**DATA SECTION**.
<<<<

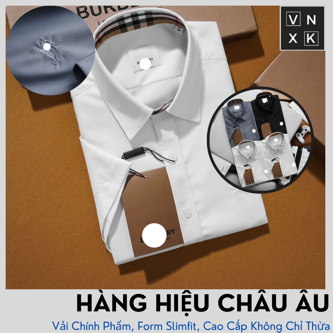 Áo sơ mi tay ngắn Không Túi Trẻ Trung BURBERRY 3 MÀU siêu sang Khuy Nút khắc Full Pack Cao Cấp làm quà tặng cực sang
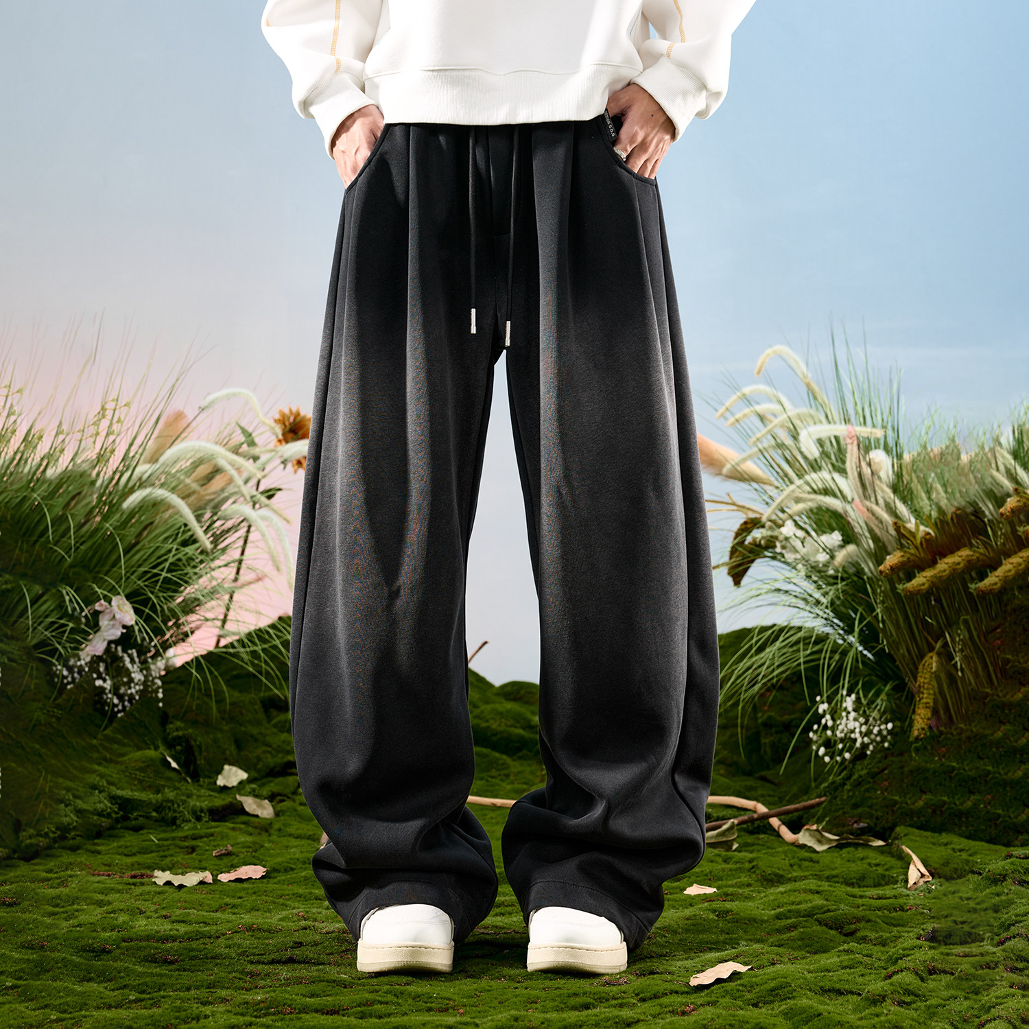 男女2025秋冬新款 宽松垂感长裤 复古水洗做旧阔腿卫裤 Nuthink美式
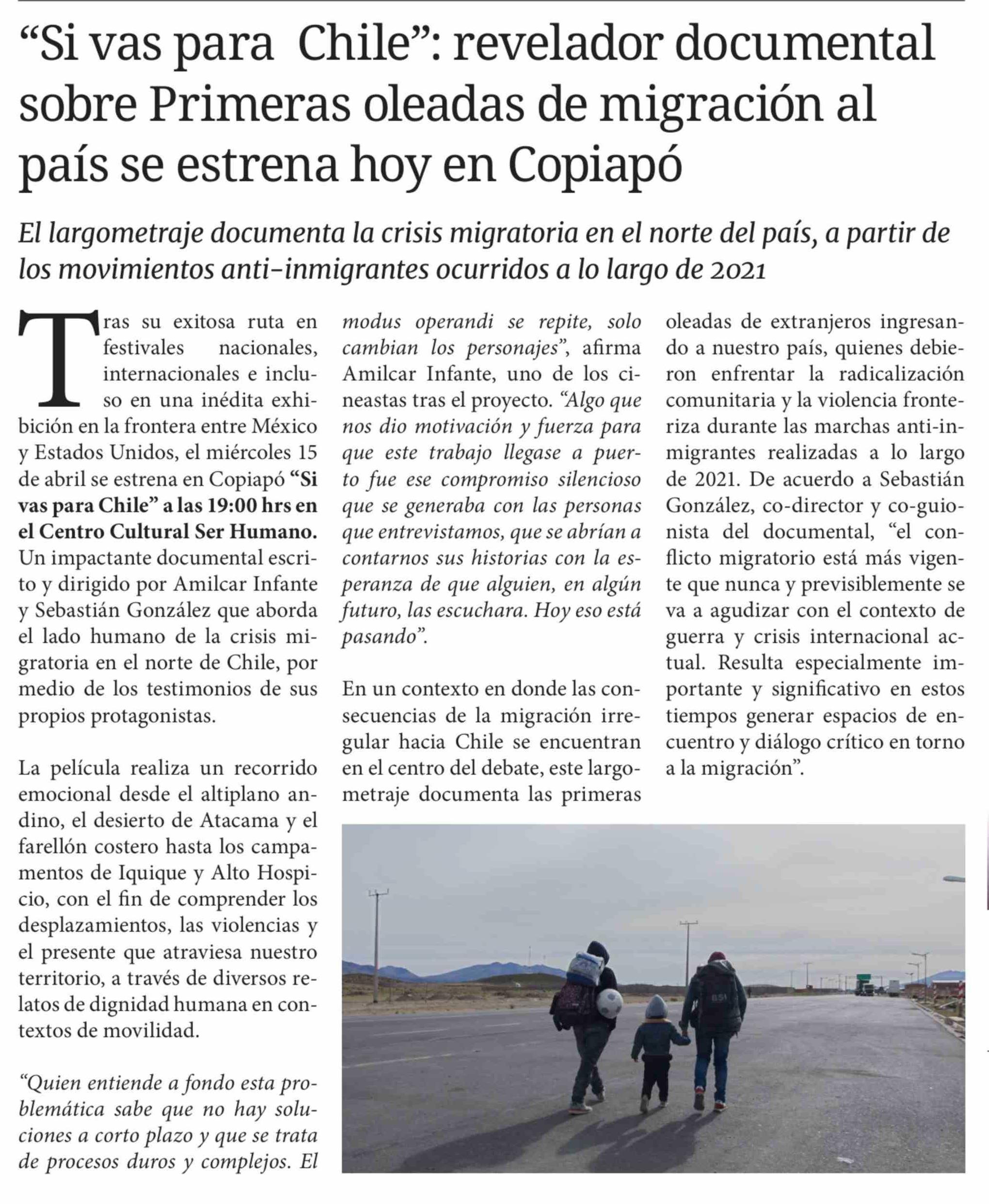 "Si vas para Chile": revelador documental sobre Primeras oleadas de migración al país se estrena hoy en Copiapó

>>>>
<<<<

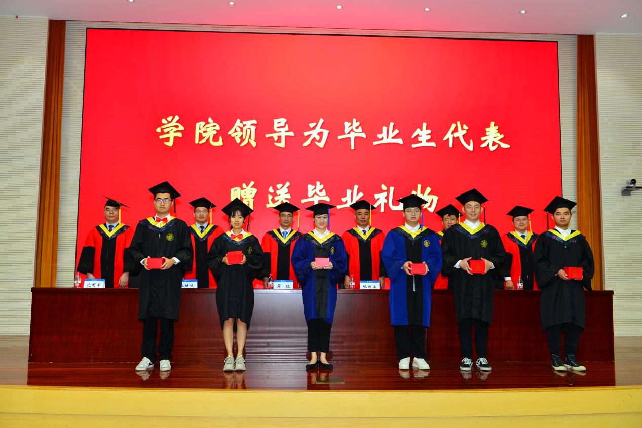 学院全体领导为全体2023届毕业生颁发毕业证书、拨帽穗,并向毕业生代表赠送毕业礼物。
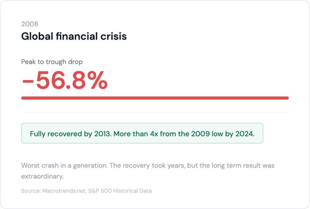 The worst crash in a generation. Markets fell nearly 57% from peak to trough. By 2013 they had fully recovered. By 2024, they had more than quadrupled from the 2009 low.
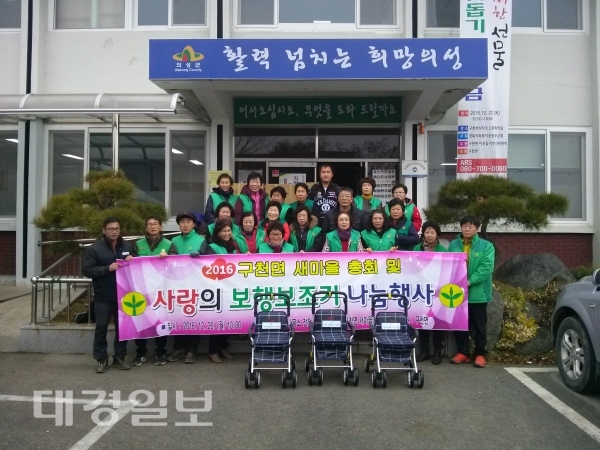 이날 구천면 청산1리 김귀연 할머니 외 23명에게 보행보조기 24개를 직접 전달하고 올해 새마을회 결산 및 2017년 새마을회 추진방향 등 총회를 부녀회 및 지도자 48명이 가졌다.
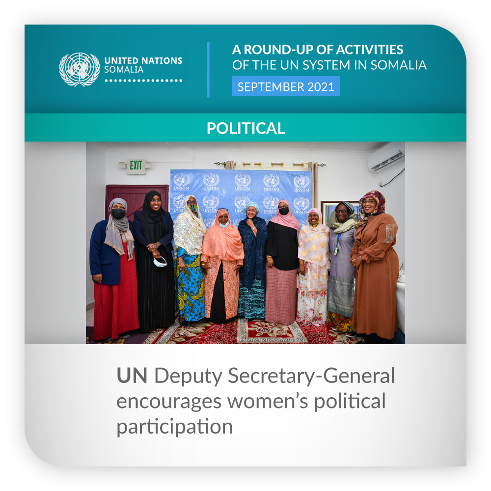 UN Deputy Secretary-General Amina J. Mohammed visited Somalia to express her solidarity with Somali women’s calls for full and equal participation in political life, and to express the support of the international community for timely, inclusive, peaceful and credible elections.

>>>>
<<<<

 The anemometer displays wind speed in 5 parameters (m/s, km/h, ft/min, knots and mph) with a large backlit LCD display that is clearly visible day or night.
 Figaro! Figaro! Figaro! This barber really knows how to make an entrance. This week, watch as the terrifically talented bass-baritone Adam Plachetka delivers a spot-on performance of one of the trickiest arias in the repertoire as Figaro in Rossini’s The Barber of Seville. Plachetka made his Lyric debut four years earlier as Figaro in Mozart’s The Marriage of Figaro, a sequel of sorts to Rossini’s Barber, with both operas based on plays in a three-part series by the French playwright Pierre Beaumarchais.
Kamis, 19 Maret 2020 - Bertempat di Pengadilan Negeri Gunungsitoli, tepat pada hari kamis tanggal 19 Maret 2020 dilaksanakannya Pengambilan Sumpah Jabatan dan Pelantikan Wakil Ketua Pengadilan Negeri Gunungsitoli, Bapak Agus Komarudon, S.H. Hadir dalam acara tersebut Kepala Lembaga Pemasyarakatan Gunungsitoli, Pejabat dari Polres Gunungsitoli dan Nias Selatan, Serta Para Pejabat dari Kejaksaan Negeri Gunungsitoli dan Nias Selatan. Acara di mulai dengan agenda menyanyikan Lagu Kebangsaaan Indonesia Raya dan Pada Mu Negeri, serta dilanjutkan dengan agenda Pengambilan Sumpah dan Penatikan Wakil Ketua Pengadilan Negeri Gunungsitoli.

>>>>

**TASK DETAILS**.
A verbatim reproduction is expected: starting at the line above that has "学院全体领导为全体2023届", ending at the line that has "이날 구천면 청산1리", both included, and with no pictures and no other lines.

**ANSWER SECTION**.
 学院全体领导为全体2023届毕业生颁发毕业证书、拨帽穗,并向毕业生代表赠送毕业礼物。
 The worst crash in a generation. Markets fell nearly 57% from peak to trough. By 2013 they had fully recovered. By 2024, they had more than quadrupled from the 2009 low.
 이날 구천면 청산1리 김귀연 할머니 외 23명에게 보행보조기 24개를 직접 전달하고 올해 새마을회 결산 및 2017년 새마을회 추진방향 등 총회를 부녀회 및 지도자 48명이 가졌다.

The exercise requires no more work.